In this paper, we present a comparative study of bias correction methods for regional climate model simulations considering the distributional parametric uncertainty underlying the observations/models. In traditional bias correction schemes, the statistics of the simulated model outputs are adjusted to those of the observation data. However, the model output and the observation data are only one case (i.e., realization) out of many possibilities, rather than being sampled from the entire population of a certain distribution due to internal climate variability. This issue has not been considered in the bias correction schemes of the existing climate change studies. Here, three approaches are employed to explore this issue, with the intention of providing a practical tool for bias correction of daily rainfall for use in hydrologic models ((1) conventional method, (2) non-informative Bayesian method, and (3) informative Bayesian method using a Weather Generator (WG) data). The results show some plausible uncertainty ranges of precipitation after correcting for the bias of RCM precipitation. The informative Bayesian approach shows a narrower uncertainty range by approximately 25–45% than the non-informative Bayesian method after bias correction for the baseline period. This indicates that the prior distribution derived from WG may assist in reducing the uncertainty associated with parameters. The implications of our results are of great importance in hydrological impact assessments of climate change because they are related to actions for mitigation and adaptation to climate change. Since this is a proof of concept study that mainly illustrates the logic of the analysis for uncertainty-based bias correction, future research exploring the impacts of uncertainty on climate impact assessments and how to utilize uncertainty while planning mitigation and adaptation strategies is still needed.
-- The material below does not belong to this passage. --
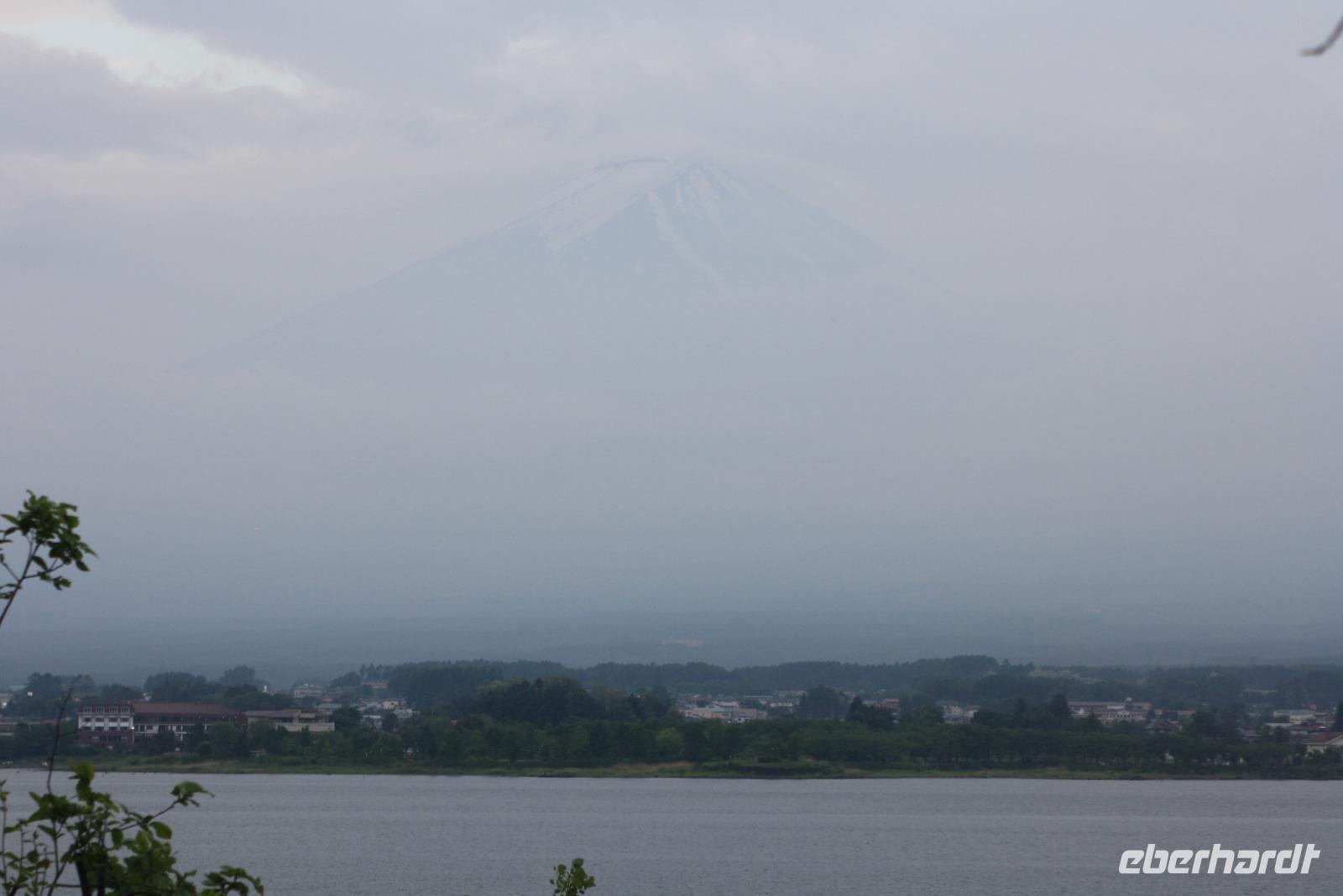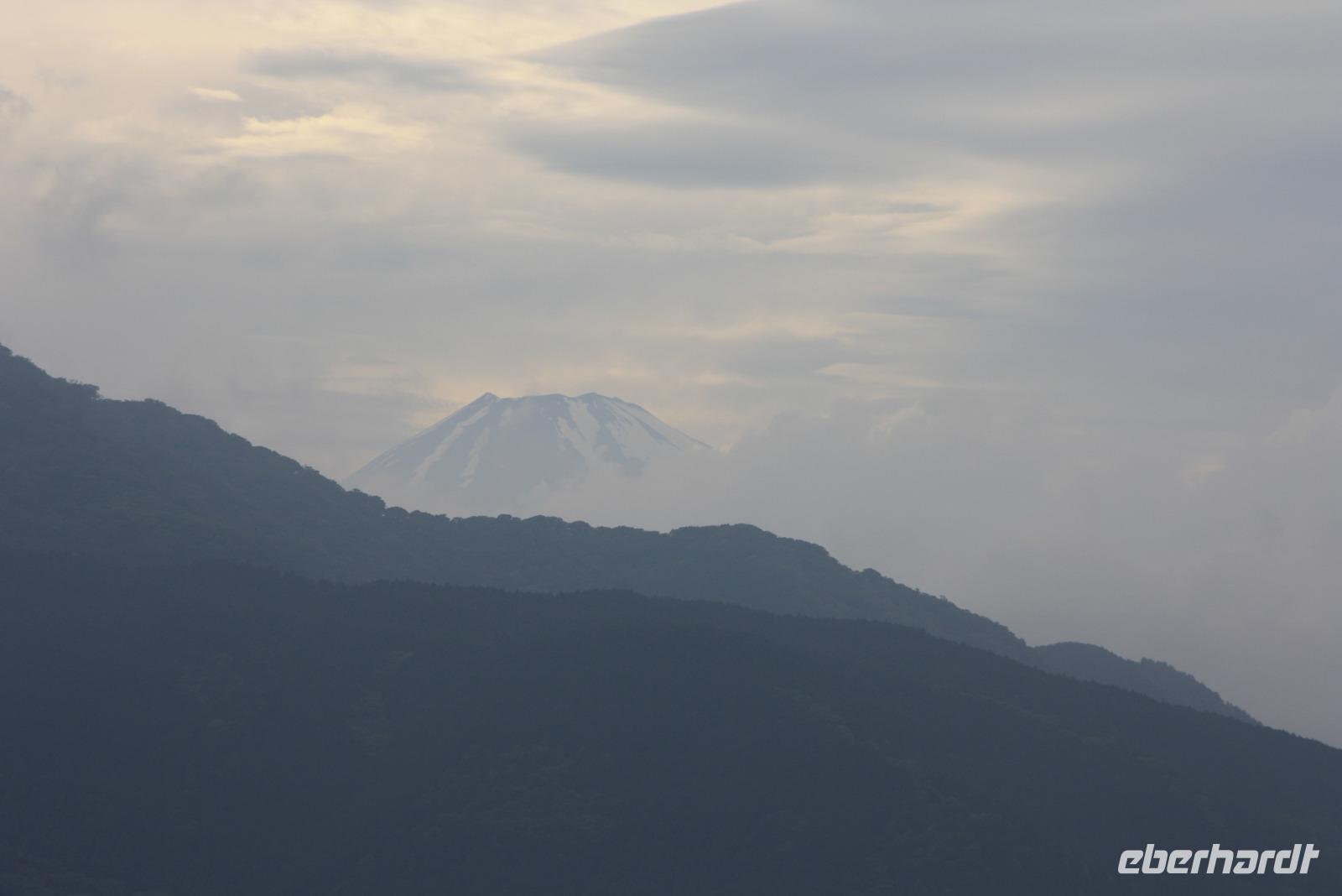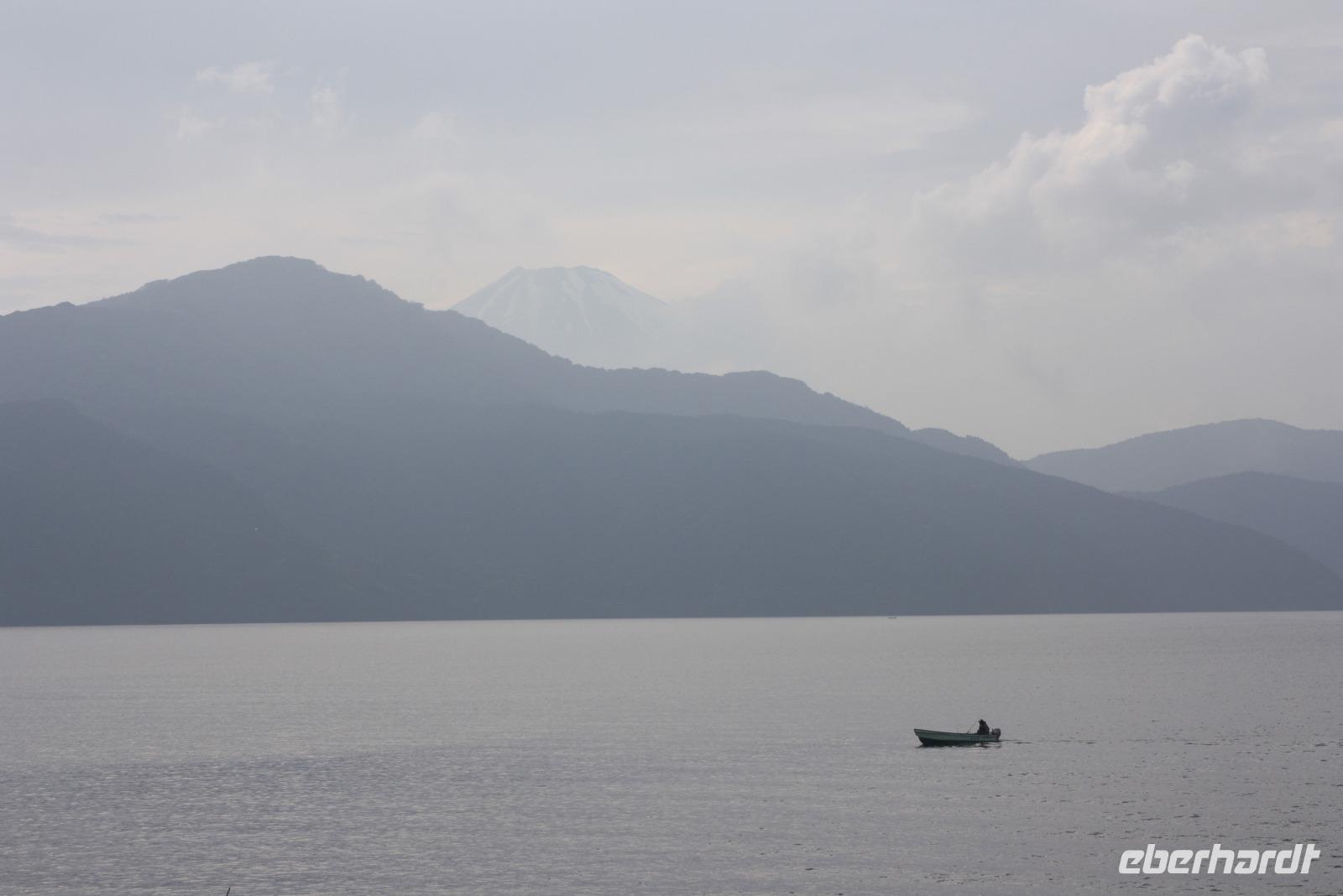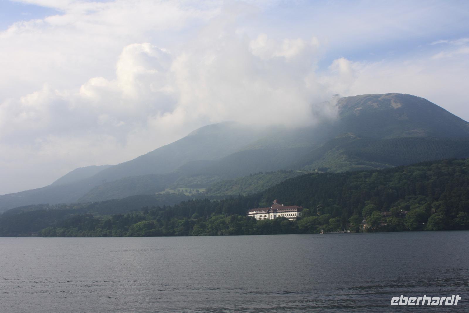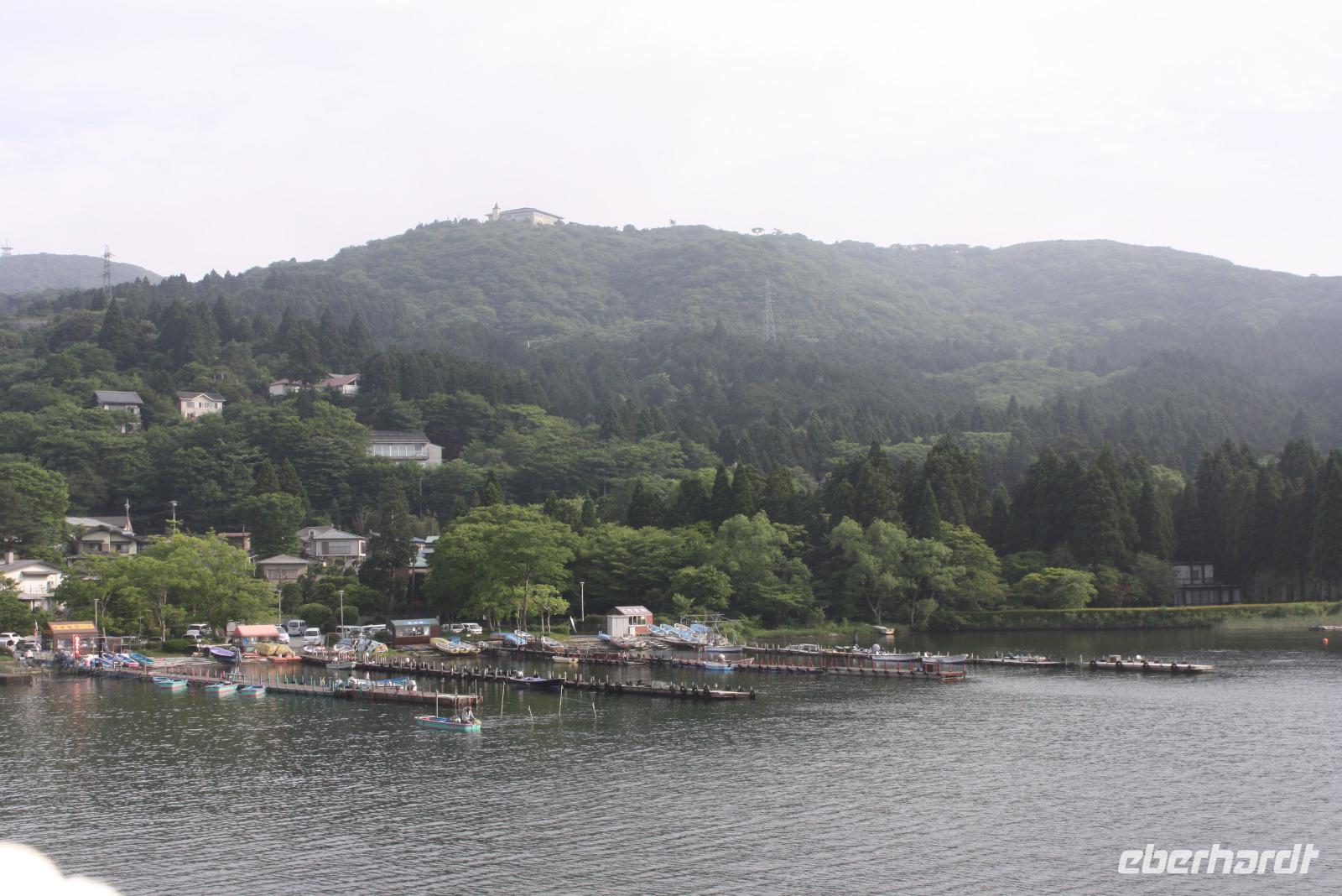 Die Reise führt uns weiter entlang des Strandes vorbei an zahlreichen Surfern zum Fuji-Hakone-Nationalpark. Zwar geraten wir unterwegs an einen Stau, doch Oliver verkürzt uns wieder die Zeit mit Informationen zur Yakuza-Mafia, was für Glücksspiele oder Prostitution gar vom Staat erlaubt sind und weitere Mysterien. Immer wieder halten wir Ausschau nach dem heiligsten aller japanischen Berge, dem Fuji-San mit 3.776 Metern Höhe. Um ihn herum haben sich über die Zeit fünf Seen gebildet. Auf dem größten See Ashi unternehmen wir mit einer Piratenschiff nachempfundener Fähre eine kleine Tour um den Berg herum. Dieser Fuji-San, der Göttin Amaterasus Hausberg, ist schon ein schüchterner Geselle. Schließlich ist er etwa 100.000 Jahre jung und spuckte zuletzt im Jahre 1707, dafür aber zwei Jahre lang. Zusammen mit 23 weiteren Vulkanen zählt er zu den noch aktiven Vulkanen in Japan. Man sagt auch, die Japaner leben am Rande des Feuers. Heute versteckt er sich gern hinter Wolken. Doch immerhin, zwei Mal hat er gegrüßt in fast voller Pracht, bis er wieder hinter der Nebelwand verschwindet. Die meisten von uns haben es nicht geschafft, ihn mit der Kamera festzuhalten, doch in unseren Herzen wird er noch lange bleiben. Denn nicht jeder Reisegast durch Japan kann behaupten, den Fuji-San wirklich gesehen zu haben. Der Chauffeur ist so engagiert, dass er uns zu einer kleinen Aussichtsstelle am Kawagushiko-See bringen möchte und zwängt seinen Bus sogar durch schmale Straßen, lässt ihn durch herunter hängende Äste und Zweige neu gestalten.

机译:在本文中,我们提出了一种针对区域气候模型模拟的偏差校正方法的比较研究,其中考虑了基于观测/模型的分布参数不确定性。在传统的偏差校正方案中,将模拟模型输出的统计信息调整为观测数据的统计信息。但是,模型输出和观测数据只是多种可能性中的一种情况(即实现),而不是由于内部气候多变性而从一定分布的整个种群中进行采样。现有的气候变化研究的偏差校正方案中未考虑该问题。在这里,我们采用三种方法来探讨这个问题,目的是为水文模型提供实用的每日降雨量偏差校正工具((1)常规方法,(2)非信息贝​​叶斯方法和(3)使用天气生成器(WG)数据的信息贝叶斯方法)。结果表明,校正RCM降水的偏差后,可能出现一些不确定的降水范围。信息性贝叶斯方法在基线期进行偏差校正后显示出的不确定性范围比非信息性贝叶斯方法要窄约25–45%。这表明从WG导出的先验分布可能有助于减少与参数相关的不确定性。我们的研究结果的含义在气候变化的水文影响评估中非常重要,因为它们与缓解和适应气候变化的行动有关。由于这是一个概念验证研究,主要说明了基于不确定性的偏差校正的分析逻辑,因此,仍需要探索不确定性对气候影响评估的影响以及在计划缓解和适应策略时如何利用不确定性的未来研究。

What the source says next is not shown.